Bud Cowell of Hilton Head Plantation sees his service -- which resulted in two Purple Hearts and the Bronze Star -- as having immense value.
"When I left Seoul after the war, there were about 50,000 to 60,000 people living there," he said. "When I went over for the 50th anniversary of the armistice, there were about 10 million. What we did really has been helpful to them as a country."
Cowell still can look down and see a missing toenail where a bullet grazed his boot in Korea.
Mack Parsons of Sea Pines spent more than a year in a hospital recuperating from his wounds in Korea. He was one of the "Frozen Chosin" in the battle of the Chosin Reservoir. He ended up with a medical discharge from the Marine Corps.
"I promised God if he let me survive, I'd never complain about hot weather again," he said.
The lowest temperature was 36 below zero, he said, and there wasn't any such thing as housing.
Parsons never felt it was a forgotten war. But, he thinks Americans -- who hailed the return of World War II veterans with dancing in the streets -- were quiet about Korea because they were tired of war when Korea ended. He wanted to give me his 30-page collection of material on the Marines in the Korean War.
"It went on far too long and far too many people lost their lives there," said Parsons, a retired engineer who lived in warm places around the globe but still kept his pact with God.
Bob Warden of Hilton Head Plantation left Duke University to join the U.S. Army. He was 19. He was in the first Battle of Pork Chop Hill and, by happenstance, was on the first boat home after the armistice. When it was announced over a loud speaker, no one in the camp waiting to embark even cheered.
Warden sensed that not enough Americans were sharing in the war and making sacrifices. He says it's unfortunate that today some of the people making decisions about war have no concept of what it's like on the front lines.
During the 50th anniversary of the armistice, Warden went around making speeches to civic clubs and schools. He would say the war resulted in only a short shelf of history books, no great war novel, no outstanding movies, and not a single memorable song. They got "M*A*S*H" -- and silence.
Warden always would close his talks with: "All we ask for now is that that war no longer be forgotten."
If America forgets the Korean War -- how we got into it, how it was managed, how it ended -- we do so at our own peril.
David Halbertson's final book, "The Coldest Winter," tells in powerful detail countless lessons that citizens and policymakers could learn from it. Too many of the mistakes sound eerily familiar today.

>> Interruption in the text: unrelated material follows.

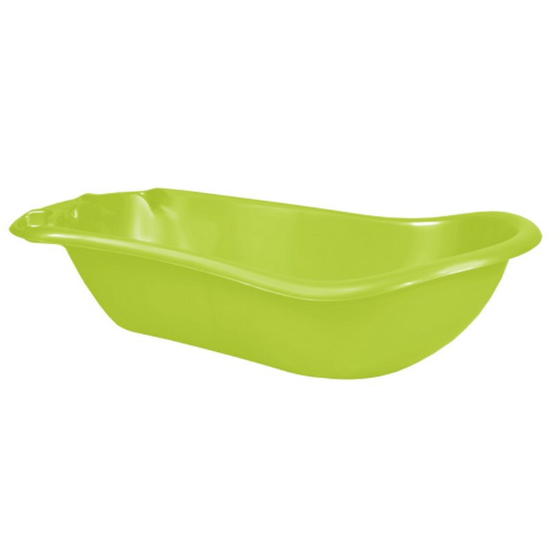 Форма дитячої ванночки обтічна і дуже практична. Перевагою ванни для дітей є зручна спинка що має нахил для купання малюка в положенні сидячи і гладкі безпечні краї. Щоб усі необхідні речі знаходилися поруч, на ванні є спеціальні поглиблення виїмки з боків. Дві отвір-полички стануть прекрасним місцем для засобів гігієни, мила, губки, брязкальця, соски, а також іншого необхідного при кожному купанні приладдя. Усі кути пластмасової ванночки для дітей закруглені для безпеки і комфорту під час купання.

Meanwhile, the museum at the Parris Island Marine Corps Recruit Depot -- where 138,000 troops trained for Korea -- has an expansive permanent exhibit on the war. The Veterans Memorial in Shelter Cove Community Park includes recognition of the Korean War.
Local men and women who answered their country's call to duty in Korea still try to help each other out. They meet for lunch on the first Tuesday of each month. And national organizations doggedly pursue the missing. Remains found recently in North Korea were identified as a Texan missing since the Battle of Unsan in 1950. He will be buried Aug. 4 in Arlington National Cemetery.
Much has changed since the fighting ended 55 years ago. But the Korean veterans will not forget their motto: "Forever Proud."